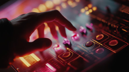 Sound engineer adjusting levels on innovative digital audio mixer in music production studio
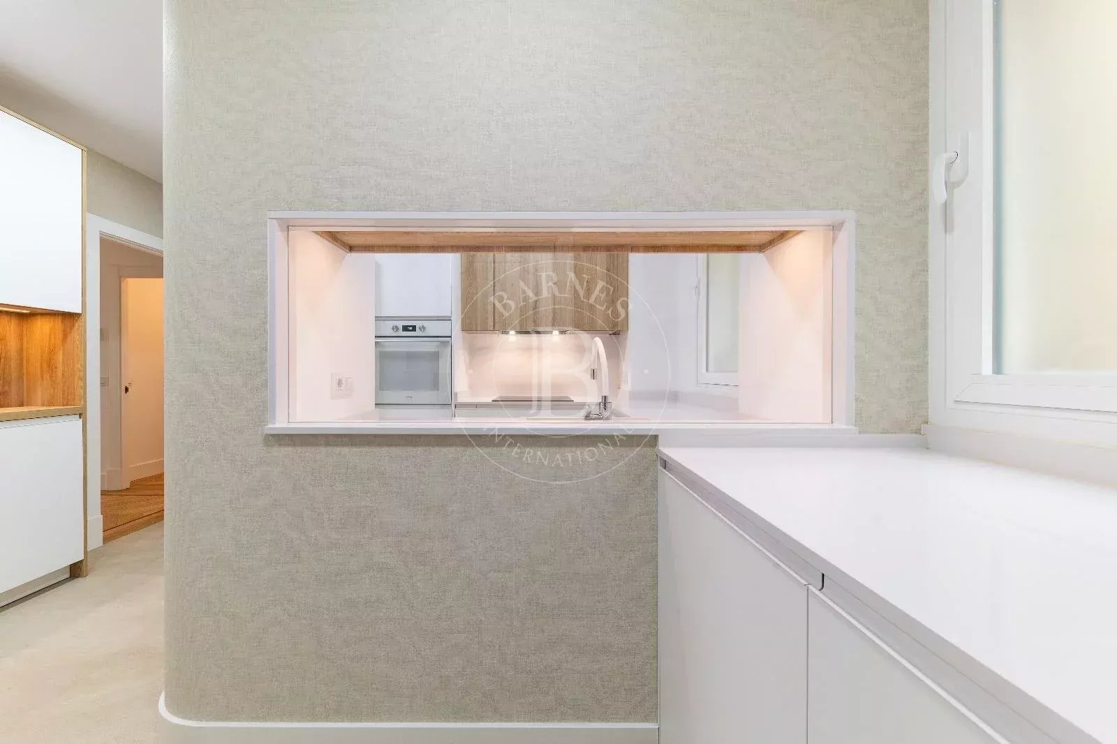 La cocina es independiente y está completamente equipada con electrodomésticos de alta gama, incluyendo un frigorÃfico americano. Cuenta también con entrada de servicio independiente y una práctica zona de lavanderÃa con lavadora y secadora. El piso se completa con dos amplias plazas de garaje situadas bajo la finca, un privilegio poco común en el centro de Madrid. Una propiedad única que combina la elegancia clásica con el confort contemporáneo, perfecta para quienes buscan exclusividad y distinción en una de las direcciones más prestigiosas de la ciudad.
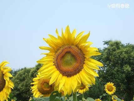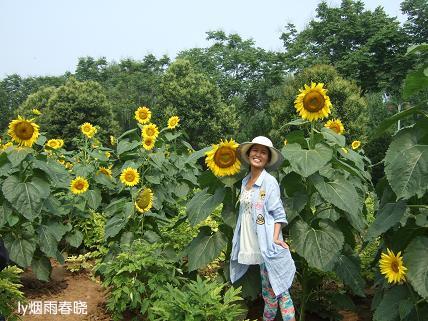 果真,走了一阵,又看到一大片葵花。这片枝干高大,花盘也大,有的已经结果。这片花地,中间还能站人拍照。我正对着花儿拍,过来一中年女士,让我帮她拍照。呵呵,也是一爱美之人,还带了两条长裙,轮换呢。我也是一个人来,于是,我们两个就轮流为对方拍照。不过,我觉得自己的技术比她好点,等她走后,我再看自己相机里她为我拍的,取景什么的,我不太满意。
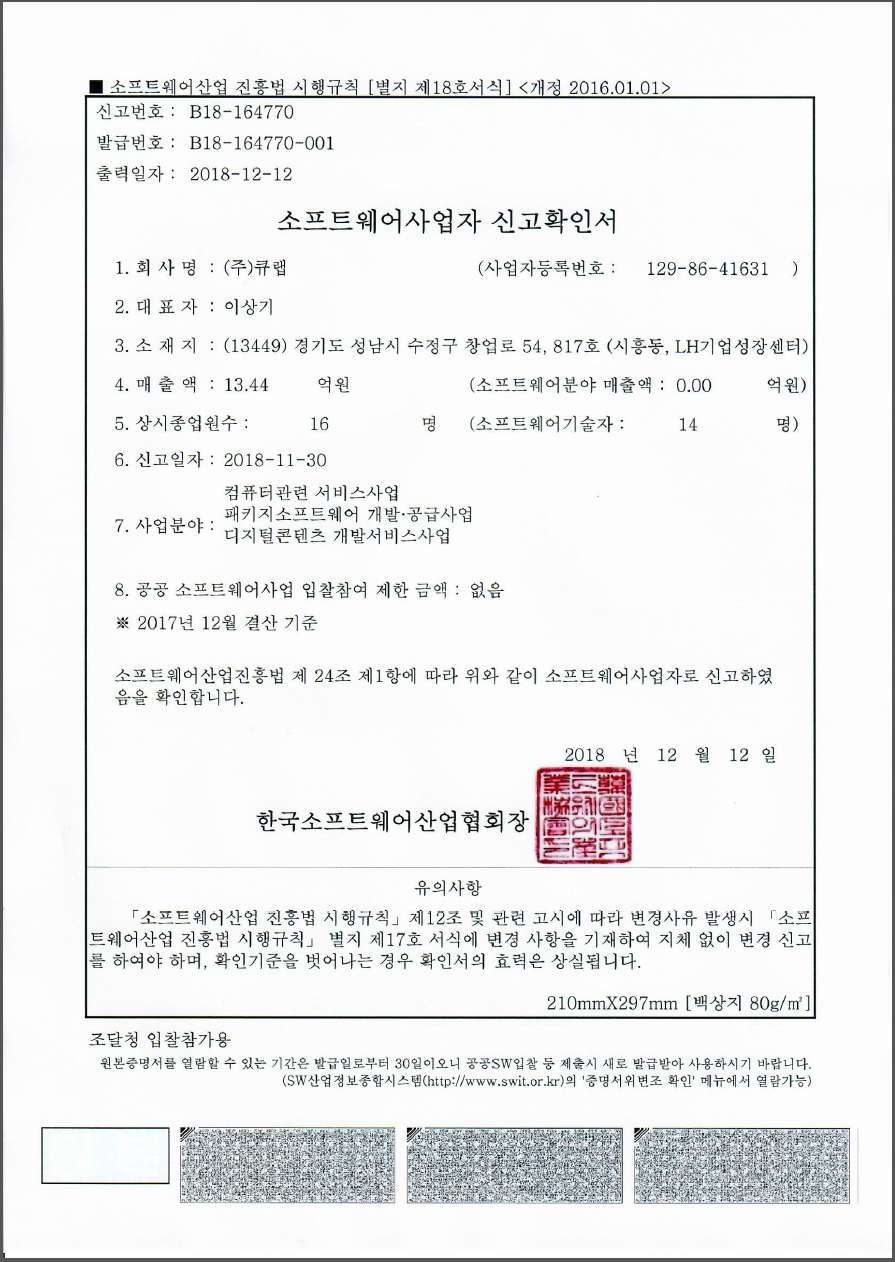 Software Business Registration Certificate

□ □ □ □ □

▶ **Requirement**
The listing must be returned in full and exactly, apart from its pictures.

▶ **Solution to this exercise**
 Sound engineer adjusting levels on innovative digital audio mixer in music production studio
 La cocina es independiente y está completamente equipada con electrodomésticos de alta gama, incluyendo un frigorÃfico americano. Cuenta también con entrada de servicio independiente y una práctica zona de lavanderÃa con lavadora y secadora. El piso se completa con dos amplias plazas de garaje situadas bajo la finca, un privilegio poco común en el centro de Madrid. Una propiedad única que combina la elegancia clásica con el confort contemporáneo, perfecta para quienes buscan exclusividad y distinción en una de las direcciones más prestigiosas de la ciudad.
 果真,走了一阵,又看到一大片葵花。这片枝干高大,花盘也大,有的已经结果。这片花地,中间还能站人拍照。我正对着花儿拍,过来一中年女士,让我帮她拍照。呵呵,也是一爱美之人,还带了两条长裙,轮换呢。我也是一个人来,于是,我们两个就轮流为对方拍照。不过,我觉得自己的技术比她好点,等她走后,我再看自己相机里她为我拍的,取景什么的,我不太满意。
 Software Business Registration Certificate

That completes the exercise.